The idea of coupons for doing things together brings me to a final theme in this talk.  What if, instead of shopping alone for others so much, we found a way to give others what is really rare these days – our time and our attention?  While I doubt that I will fully escape consumerism, I can work at making my giving a deeper and more meaningful kind not just in December, but all year long.   
Being present for other people is one of the greatest gifts we can offer. Buddhist Thich Nhat Hanh speaks of this: “The most precious gift we can offer others is our presence. When mindfulness embraces those we love, they will bloom like flowers.”  Hanh knows full well that being present for others is not so easy to do.  Even for him, it takes practice.  
He suggests that at first we practice being present in the moment.  Before we can be present with other people, we have to calm ourselves and really be here, now.  Can we do that today, tomorrow, everyday?  
So often we run off into the future – what holiday task will I cross off my list? What holiday feast will I prepare this year?  Other times we run off into the past with negative thoughts – why did my boss treat me badly yesterday?  What should I have done differently last week?  Americans are particularly poor at not fixating on the past or future, often only able to do so when drugged or distracted by TV.  And often in those self-centered or numbing cases they are not really present to others.
My mother struggled much of her life to be in the present.  It was only later in her life when she found some peace through Alcoholics Anonymous that she was able to escape the push and pull of reliving painful memories or worrying about tomorrow. She never really gave up consumerism, but she did become more able to be present for her grandchildren.  She shared her time and colorful personality with them.  I remember she said with a sense of renewed liberation that the moment right now was a gift.  That’s why, she would say, they call it the “present.”  The moment, right now, is a nice present to receive!
Like my mother, I am more materialist than Buddhist, but I am trying to do better at focusing on being present for others.  Perhaps it is good timing that many Buddhists celebrate the day that the Buddha attained enlightenment just as holiday consumer fever becomes ever more intense.  Bodhi Day falls on December 8.  So this coming Wednesday, I am going to take a moment or two to remember an important part of Buddhist advice.  Buddhism counsels that we choose to follow “ a middle way between the two extremes of excessive self-indulgence (hedonism) and excessive self-mortification (asceticism).”  Similarly, I will choose a middle way in my giving of gifts.  In the spirit of giving I will still do some holiday shopping, but I will do it more moderately and mindfully.  

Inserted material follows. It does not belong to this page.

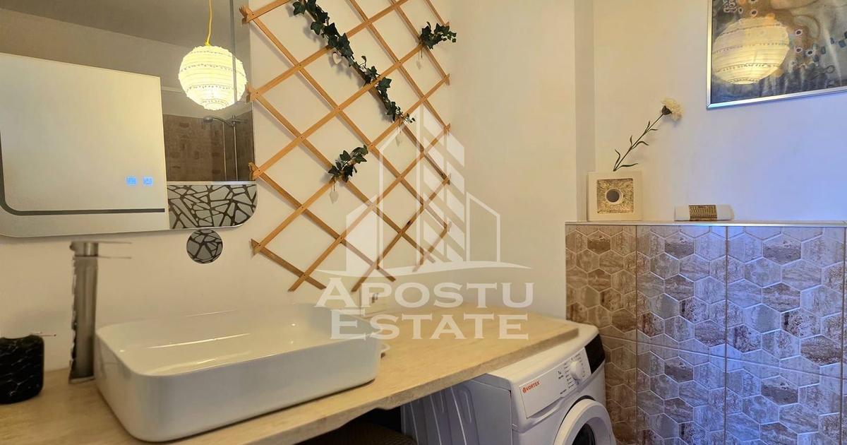 Apostu Estate va propune spre inchiriere un apartament cu 2 camere, situat in complexul rezidential Ared – zona Afi, una dintre cele mai cautate zone din Arad. Proprietatea are o suprafata utila de 45 mp si este compartimentata eficient, oferind un living luminos cu bucatarie open space, dormitor matrimonial, baie moderna si balcon. Apartamentul beneficiaza de incalzire in pardoseala, un confort termic superior si costuri optimizate la intretinere. Imobilul este recent renovat, amenajat in stil modern, cu finisaje de calitate si mobilier ales atent, fiind ideal atat pentru locuit, cat si pentru investitie (inchiriere imediata datorita pozitiei excelente). Complexul Ared ofera acces securizat, lift, spatii verzi si o comunitate bine organizata. Vecinatati: – Atrium Mall (Afi) – Carrefour, Lidl, Kaufland – Stadionul UTA – Mijloace de transport in comun – Restaurante, cafenele si farmacii Pozitionarea excelenta asigura acces rapid catre centrul orasului si principalele puncte de...

Of course Buddhists don’t have exclusive monopoly on this approach.  And they don’t always escape materialist trappings - just visit the hundreds of Buddhist websites offering personalized prayer wheels or meditation cushion, and free shipping if you order now!  Most humans struggle to understand the real spirit of giving, whether they live in a monastery or on Madison Avenue.  May we all remember some of the simpler things about the spirit of giving this holiday season.  Most of all I hope to remember to be like Della and Jim - I hope I can be foolish enough to care more about the giving than the receiving.  I will strive not to just wrap my presents, but - mindfully and compassionately – to be present.